Now, researchers at Case Western Reserve University say those molecules may not be the primary cause after all.

"We've found molecules that are alike in structure but generated through a completely different chemical pathway in the body," said lead researcher Robert Salomon, the Charles Frederic Mabery Professor of Research in Chemistry. "We think the molecules we're calling 'pseudo leukotrienes,' may be the dominant players in the inflammatory cascade that causes disease."

The findings could lead to new approaches for treating asthma and other inflammatory conditions. Researchers say the work may also have implications for neurological diseases such as Parkinson's and Alzheimer's diseases. The study was funded by the U.S. National Institutes of Health and is available online as a pre-proof ahead of publication in the Journal of Allergy and Clinical Immunology.

How Free Radicals Create a Different Kind of Inflammation

Leukotrienes, long thought to be central to inflammatory diseases, are produced through enzyme-driven processes that modify lipids, or fatty molecules. The newly identified pseudo leukotrienes form in a very different way.

Salomon and his team found that pseudo leukotrienes are created when free radicals add oxygen to lipids. Free radicals are highly reactive molecules that can cause damage if they are not controlled.

"The free radical process is almost like an explosion or a fire," said Salomon, who is also professor of ophthalmology in the Case Western Reserve School of Medicine. "It's just like when oxygen reacts with fuel and you get flames. It can easily get out of control."
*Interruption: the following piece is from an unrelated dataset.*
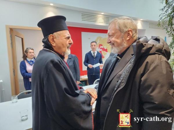 بدايةً رحّب المونسنيور هوغ دو وويلمون بغبطته، معبّراً عن فرحه باللقاء به واعتزازه بكلّ ما يقوم به غبطته من رعاية صالحة وخدمة روحية مميَّزة لأبناء الكنيسة السريانية في الشرق وفي بلاد الإنتشار، وبخاصّة في فرنسا، متمنّياً له المزيد من العطاء بالصحّة والعمر المديد.

According to the researchers, people with asthma may have lower levels of enzymes and antioxidant molecules that normally neutralize free radicals before they cause harm.
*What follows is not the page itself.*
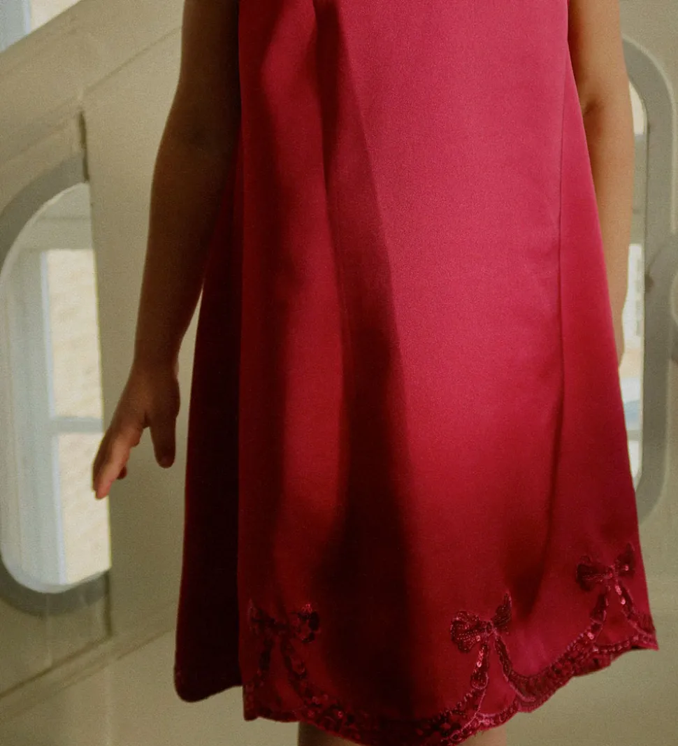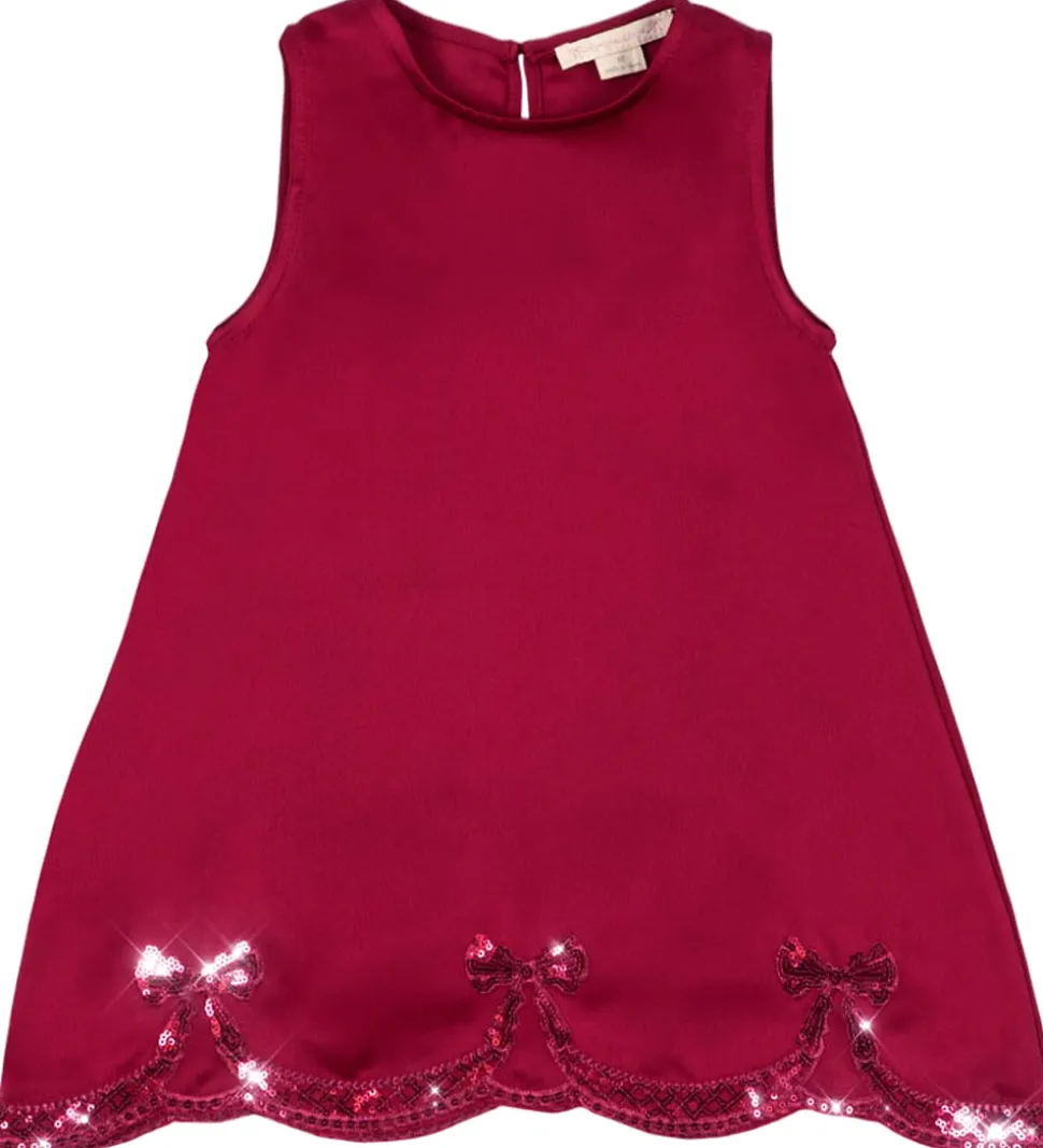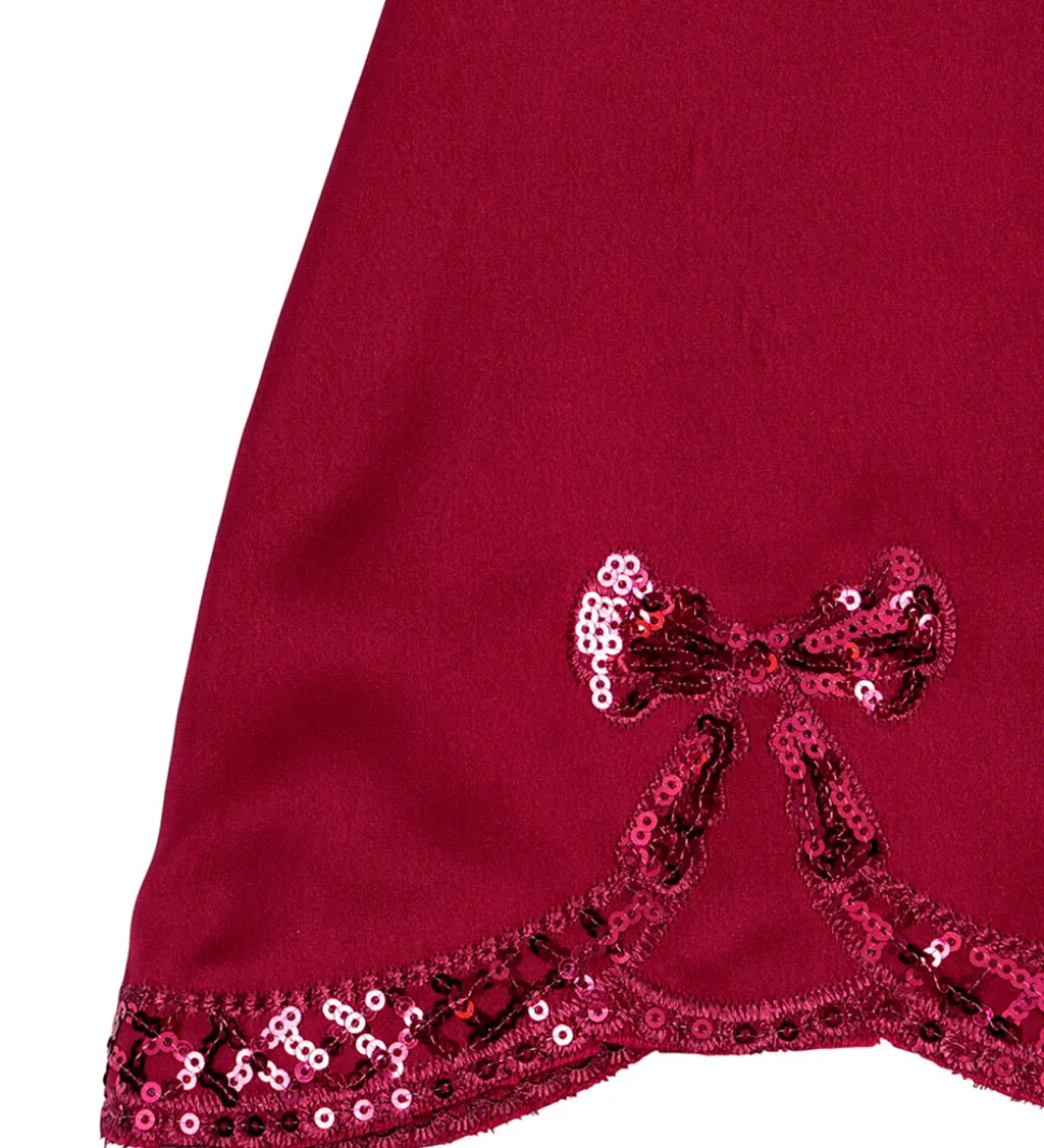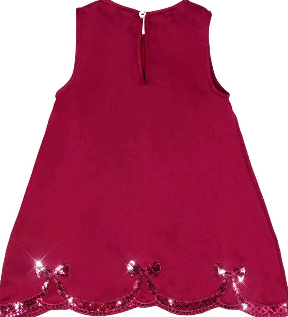 Elegant Konges Sløjd kjole i en dyb rød satin. Kjolen er uden ærmer og har et flot A-snit. Forneden er kjolen dekoreret med små sløjfer lavet af pailletter, der tilføjer et dekorativt touch. Konges Sløjd kjolen lukkes i nakken med en knap.

Why Current Asthma Drugs May Miss the Target

Both leukotrienes and pseudo leukotrienes trigger inflammation by binding to the same receptor, much like a key turning an ignition to start an engine. Once activated, this process leads to airway constriction in people with asthma.
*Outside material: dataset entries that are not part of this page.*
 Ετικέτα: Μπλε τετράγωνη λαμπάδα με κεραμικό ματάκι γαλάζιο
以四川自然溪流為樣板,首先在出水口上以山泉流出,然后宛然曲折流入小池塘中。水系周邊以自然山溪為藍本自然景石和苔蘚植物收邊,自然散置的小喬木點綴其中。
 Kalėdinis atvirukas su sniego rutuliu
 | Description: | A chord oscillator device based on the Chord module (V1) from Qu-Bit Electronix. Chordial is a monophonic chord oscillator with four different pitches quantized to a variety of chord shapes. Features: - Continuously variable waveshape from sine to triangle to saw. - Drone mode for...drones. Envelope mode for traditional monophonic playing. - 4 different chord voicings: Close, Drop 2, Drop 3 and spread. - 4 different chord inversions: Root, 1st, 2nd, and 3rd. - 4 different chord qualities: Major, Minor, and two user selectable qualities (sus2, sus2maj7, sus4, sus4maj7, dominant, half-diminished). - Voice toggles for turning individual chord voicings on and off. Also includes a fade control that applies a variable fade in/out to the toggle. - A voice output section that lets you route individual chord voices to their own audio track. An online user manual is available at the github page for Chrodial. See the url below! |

Medications such as Singulair work by blocking that receptor, preventing the key from fitting and stopping the reaction from starting.

"The real importance of this discovery is the possibility of treating these diseases with drugs that prevent the free radical process or moderate it rather than drugs that block the receptor," Salomon said.

This approach could allow treatments to target harmful inflammation more precisely.

When Inflammation Helps and When It Hurts

Inflammation is not always harmful. It plays a vital role in healing by directing white blood cells to injured tissue. It is also involved in memory and normal development.

Some asthma drugs are currently being used off-label to treat neurological diseases. However, blocking leukotrienes may interfere with their beneficial roles in the body.

"If the molecules that are causing the problem are not the leukotrienes but these other molecules," Salomon said, "a better treatment would be to just stop the formation of these other molecules rather than gumming up the ignition."

Testing the Theory in Patients

To investigate their hypothesis, Salomon and his colleagues relied on decades of experience studying lipid oxidation, along with chemical insight, to predict that pseudo leukotrienes existed. They synthesized the molecules in the lab and developed techniques to detect them in biological samples.

The team analyzed urine samples from people with mild or severe asthma and compared them with samples from individuals without the disease.

Pseudo leukotrienes were not only present in asthma patients, but their levels closely matched disease severity. People with asthma, whether mild or severe, had four to five times higher levels than those without asthma. Researchers suggest these molecules could serve as a biomarker to measure disease severity and track how well treatments are working.

What Comes Next

The research team plans to examine whether pseudo leukotrienes also play a role in other respiratory illnesses. These include respiratory syncytial virus (commonly known as RSV), bronchiolitis in babies, and chronic obstructive pulmonary disease.

The study involved collaborators from multiple institutions. At Case Western Reserve University, the team included Mikhail Linetsky, research professor in chemistry, Masaru Miyagi, professor of pharmacology at the School of Medicine, and graduate students. Contributors from the University of Toledo included Sailaja Paruchuri, professor of physiology and pharmacology, and Lakshminarayan Teegala, assistant professor of physiology and pharmacology. At the Cleveland Clinic Children's Hospital, Fariba Rezaee participated as associate professor of pediatrics and staff physician in the Center for Pulmonary Medicine.